Raw data:
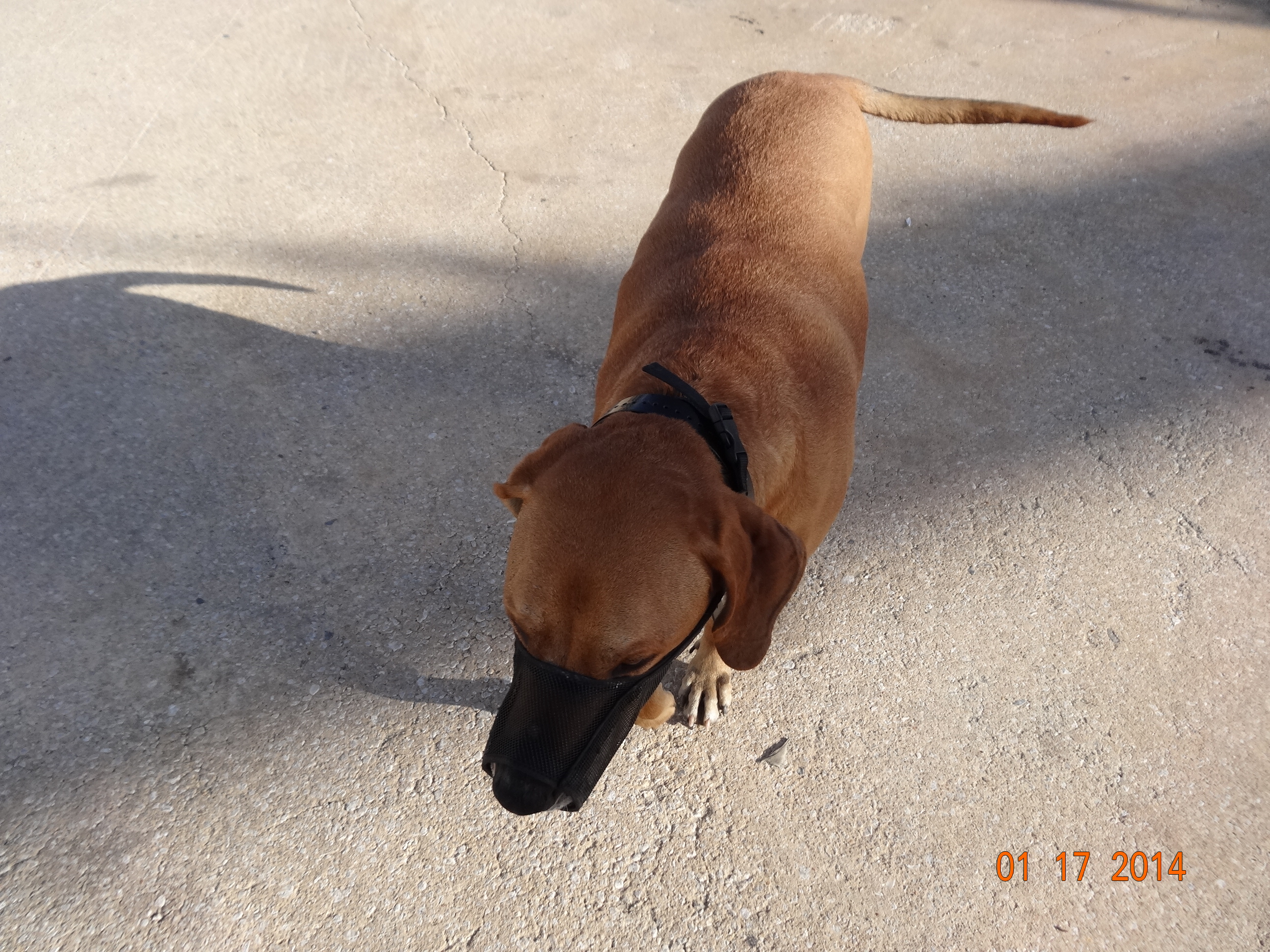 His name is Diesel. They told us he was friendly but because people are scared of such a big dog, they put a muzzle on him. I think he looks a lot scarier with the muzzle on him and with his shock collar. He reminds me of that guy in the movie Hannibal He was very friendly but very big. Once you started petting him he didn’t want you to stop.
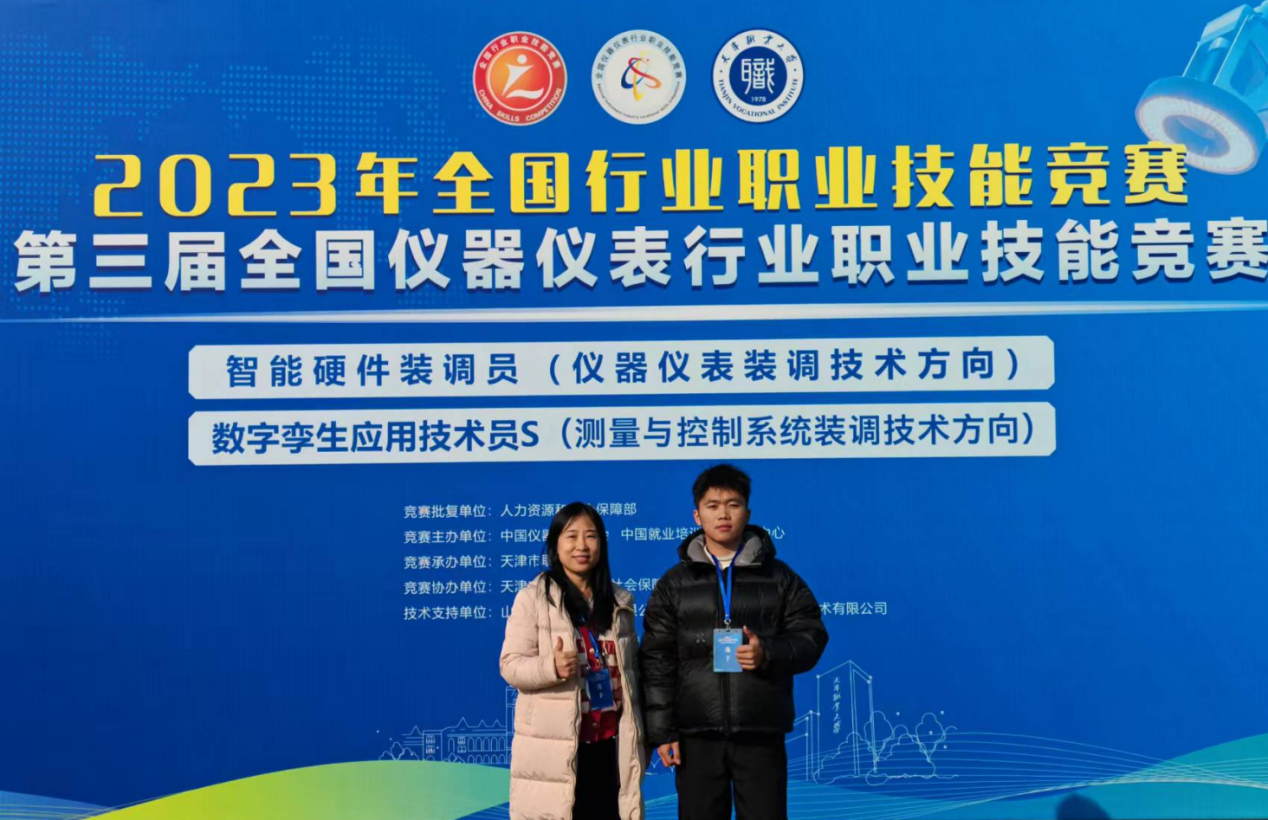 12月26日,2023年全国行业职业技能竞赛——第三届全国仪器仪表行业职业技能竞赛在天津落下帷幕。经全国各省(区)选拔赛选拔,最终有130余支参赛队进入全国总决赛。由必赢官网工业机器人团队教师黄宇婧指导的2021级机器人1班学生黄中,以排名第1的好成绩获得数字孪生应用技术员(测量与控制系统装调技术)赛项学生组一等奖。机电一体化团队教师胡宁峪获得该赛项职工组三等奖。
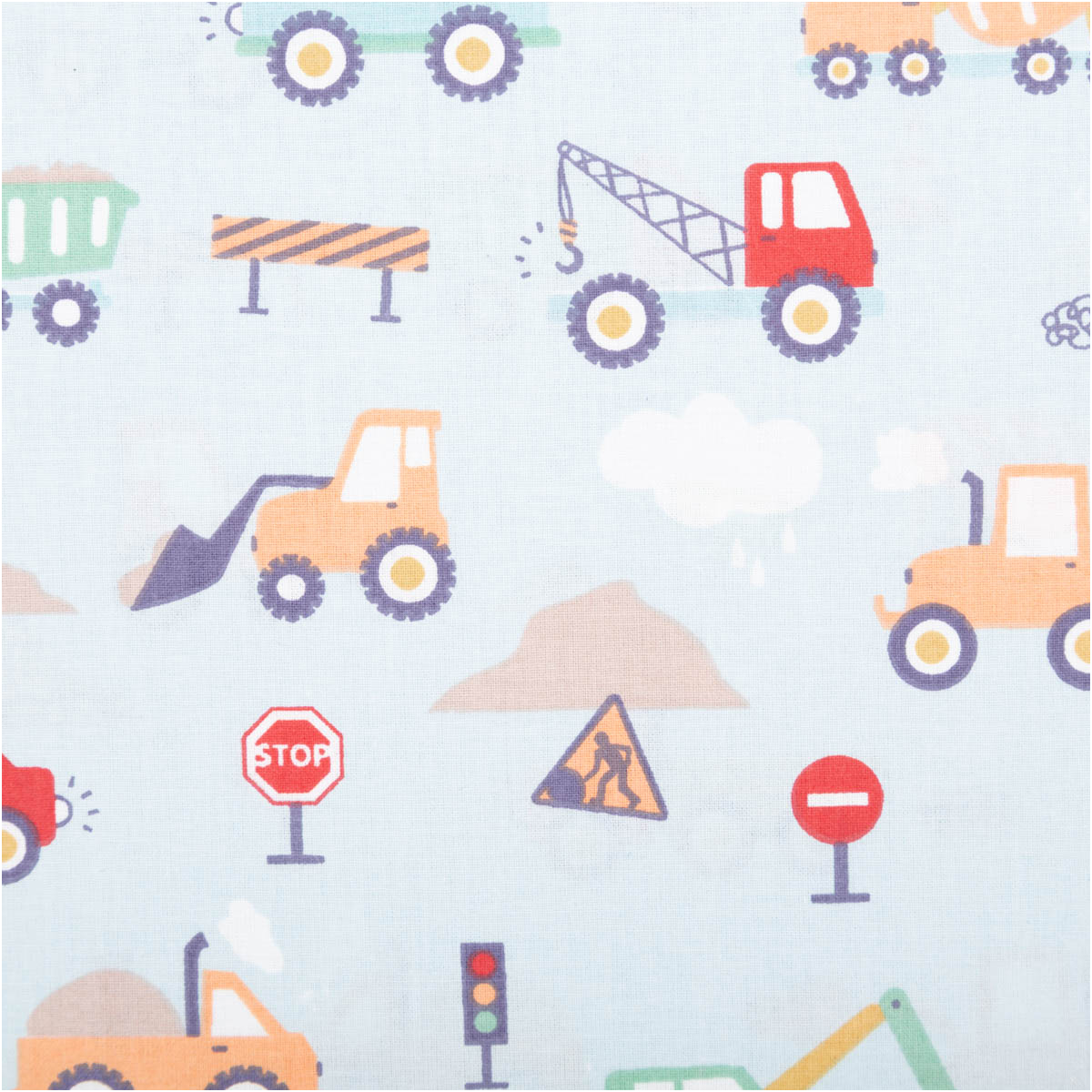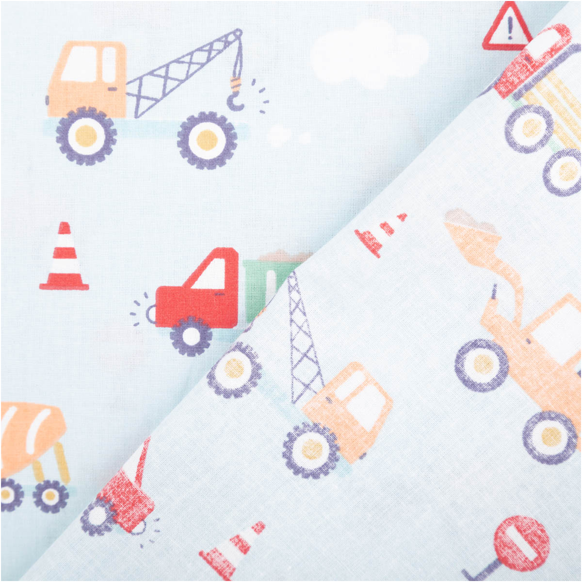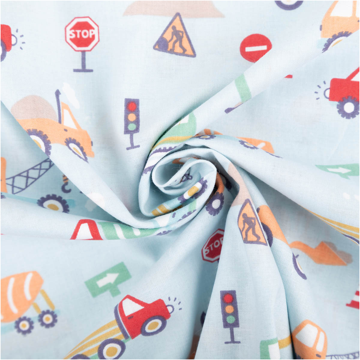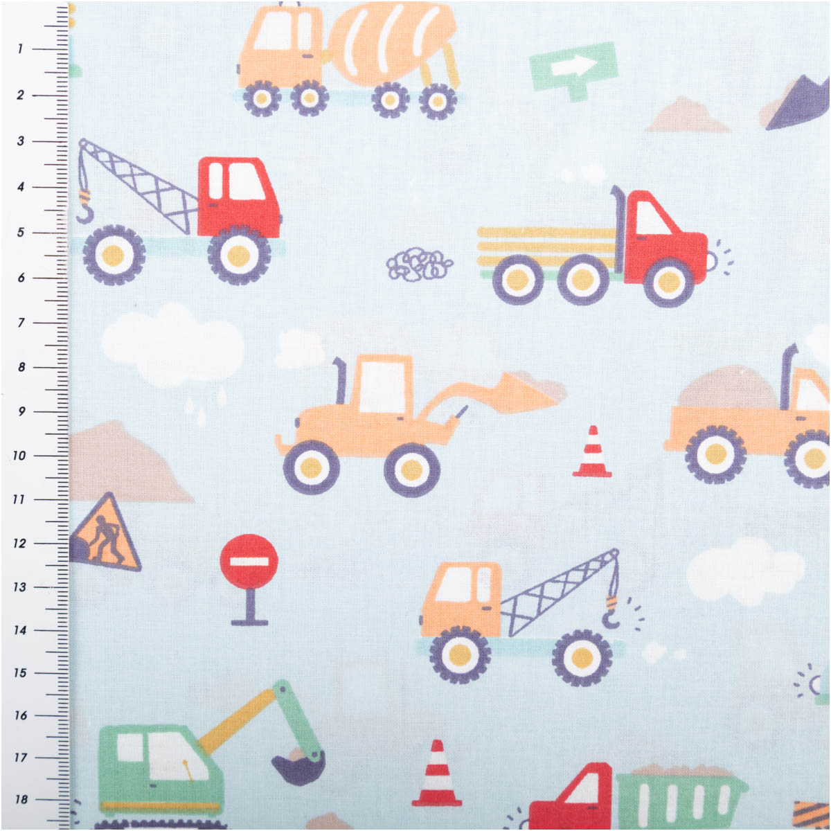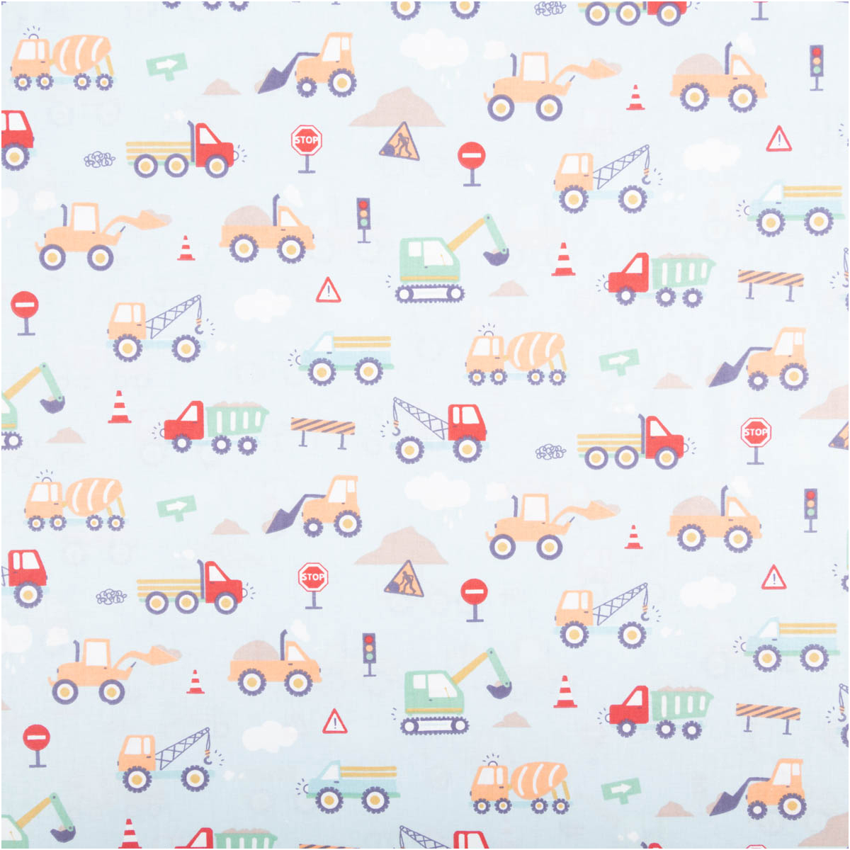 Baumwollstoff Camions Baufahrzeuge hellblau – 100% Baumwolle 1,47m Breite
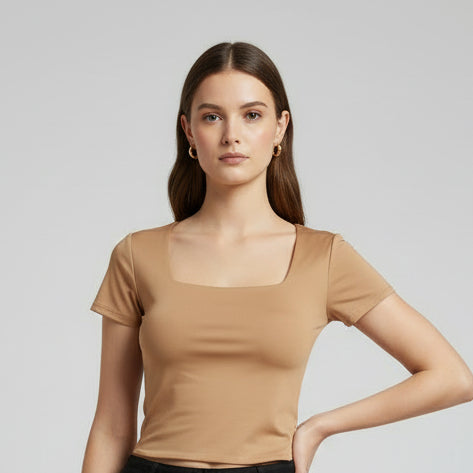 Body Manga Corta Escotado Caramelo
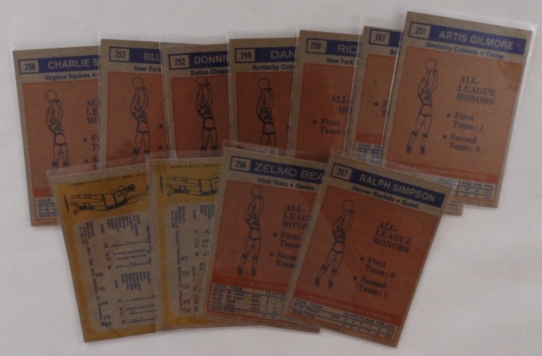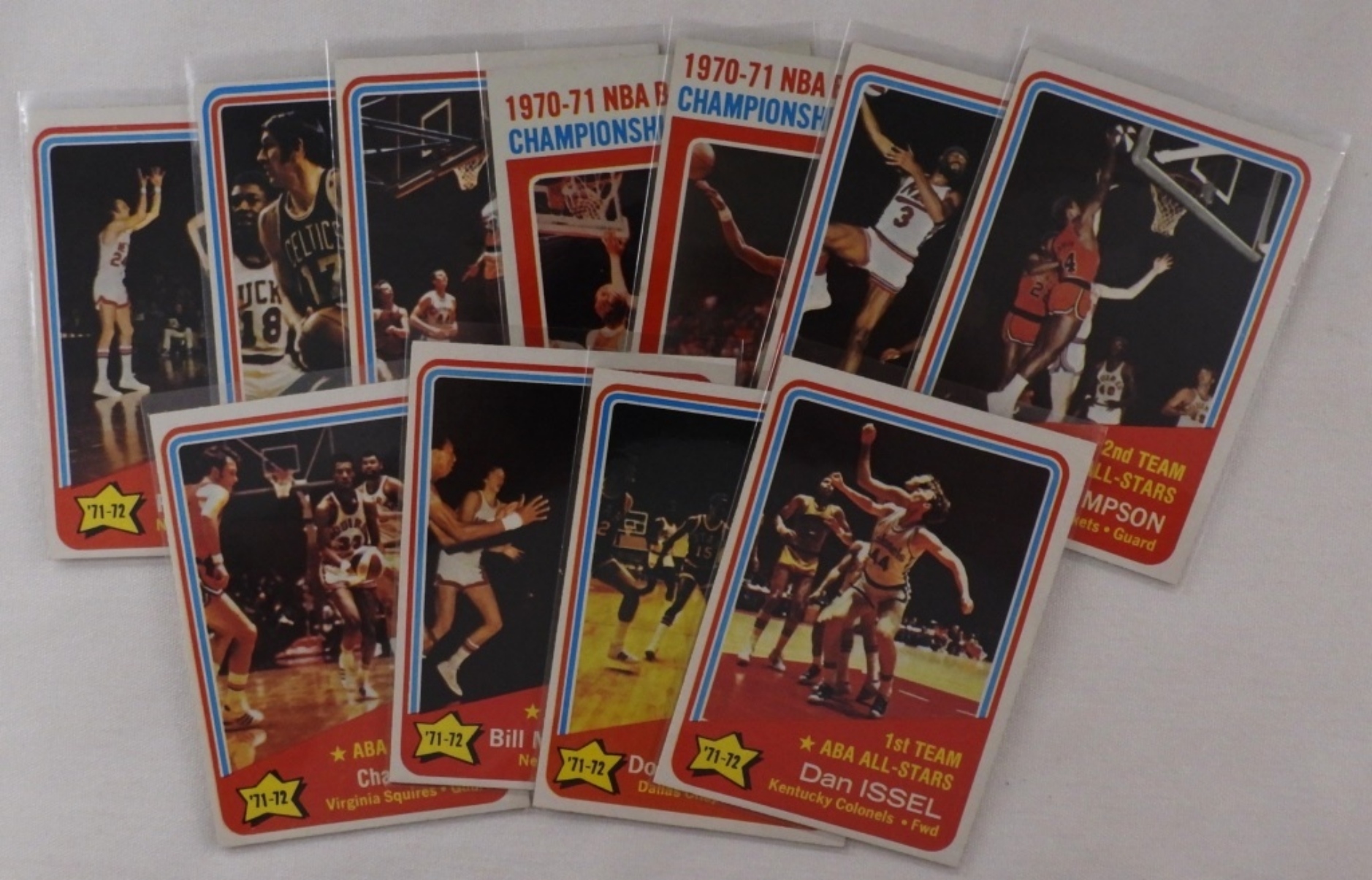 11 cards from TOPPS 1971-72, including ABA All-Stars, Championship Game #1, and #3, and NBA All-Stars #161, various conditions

Task objective: Could you reproduce exactly the lines from the one containing "Body Manga Corta Escotado Caramelo" through the last line of the records, both included, leaving out the pictures?

Output for this task:
 Body Manga Corta Escotado Caramelo
 11 cards from TOPPS 1971-72, including ABA All-Stars, Championship Game #1, and #3, and NBA All-Stars #161, various conditions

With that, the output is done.